Reviewer 2 Report (Previous Reviewer 3)
Comments and Suggestions for AuthorsThe authors have successfully integrated all suggested improvements in the revised manuscript. The manuscript is now deemed acceptable in its current form.
Author Response
Thank you very much for your revisions.
This manuscript is a resubmission of an earlier submission. The following is a list of the peer review reports and author responses from that submission.
Round 1
Reviewer 1 Report
Comments and Suggestions for AuthorsThe work submitted by Alvarez-Torres et al proposes a new parameter to select glioblastoma patients for treatment with Bevacizumab, an anti-angiogenic monoclonal antibody. They show that vascularization of tumors, determined as as relative cerebral blood volume (rCBV), differentiates the response of patients.
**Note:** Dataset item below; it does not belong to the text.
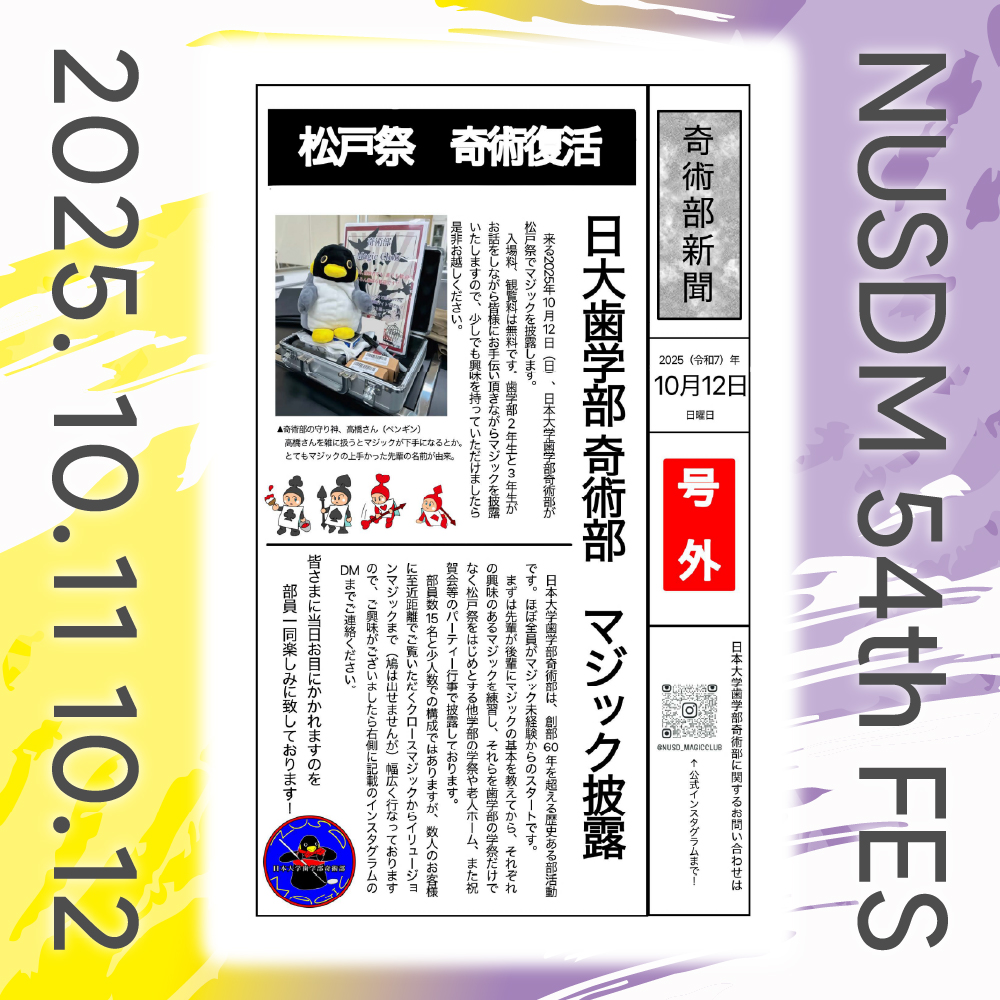 日本大学 松戸歯学部4年 第54回松戸祭実行委員長の袴田杜です。松戸祭は、昨年の新校舎の開設を機に、その装いを一新させました。 今年度もその勢いそのままに、さらに規模を拡大し、パワーアップさせた松戸祭を作り上げていきます。 新しい環境のもと、学生一人ひとりが自由に工夫を凝らし、地域の皆さまと交流を深められる場として、これまで以上に活気あふれる祭りを目指しております。 本年度のスローガンは「躍動」です。この言葉には、学生・地域の皆さま・教職員が一体となり、心を震わせるような感動を共有したいという思いを込めました。 松戸祭を通じて、来場された皆さまの心に新たな活力や温かなつながりを生み出すことができれば幸いです。 企画につきましては、商工会のご協力により多彩なキッチンカーをお招きするとともに、消防・自衛隊とのコラボイベントを開催いたします。 また、毎年ご好評いただいているダンス部によるステージライブや、各部活動による模擬店も昨年に引き続き実施いたします。 小さなお子さまから大人の方まで幅広く楽しめる催しを数多くご用意しておりますので、ご家族やご友人とお誘い合わせのうえ、思い思いの時間を過ごしていただければと思います。 松戸祭は単なる学園祭ではなく、私たち学生が日々の学びを地域に還元し、交流を深める大切な機会でもあります。笑顔や感動を共有する中で、大学と地域とが共に「躍動」し合える場となることを願っております。 最後になりますが、松戸祭の開催にあたり、多大なるご支援をいただいた商工会、自衛隊、消防の皆さま、協賛に参加してくださった多くの企業様方・ そして日頃より変わらぬご指導を賜る教職員・同窓会・後援会・OBOGの皆さまに、この場をお借りして心より厚く御礼申し上げます。
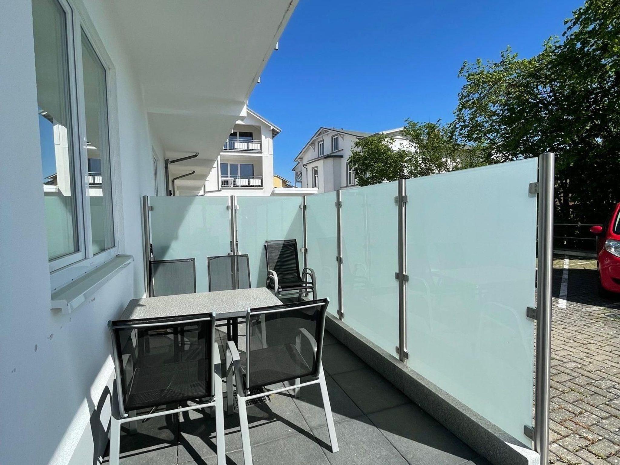 * Terrasse mit Glassichtschutz und Gartenmöbeln (am Parkplatz)

The moderate-vascularity group showed a better response to bevacizumab than the high-vascularity, evidenced by better survival outcomes. In my opinion, this work is adequate for publication.
Author Response
Please, see attached the response letter.
Author Response File: Author Response.pdf
Reviewer 2 Report
Comments and Suggestions for AuthorsThe authors present the treatment modalities and options with bevacizumab in high grade gliomas. Thereby, the focus on the rCBV as a predictive marker for this treatment. the topic might be of interesting. Although the treatment with bevacizumab is not a standard therapy at all in Europe actually. Nevertheless, the methods sound good and the results are well presented.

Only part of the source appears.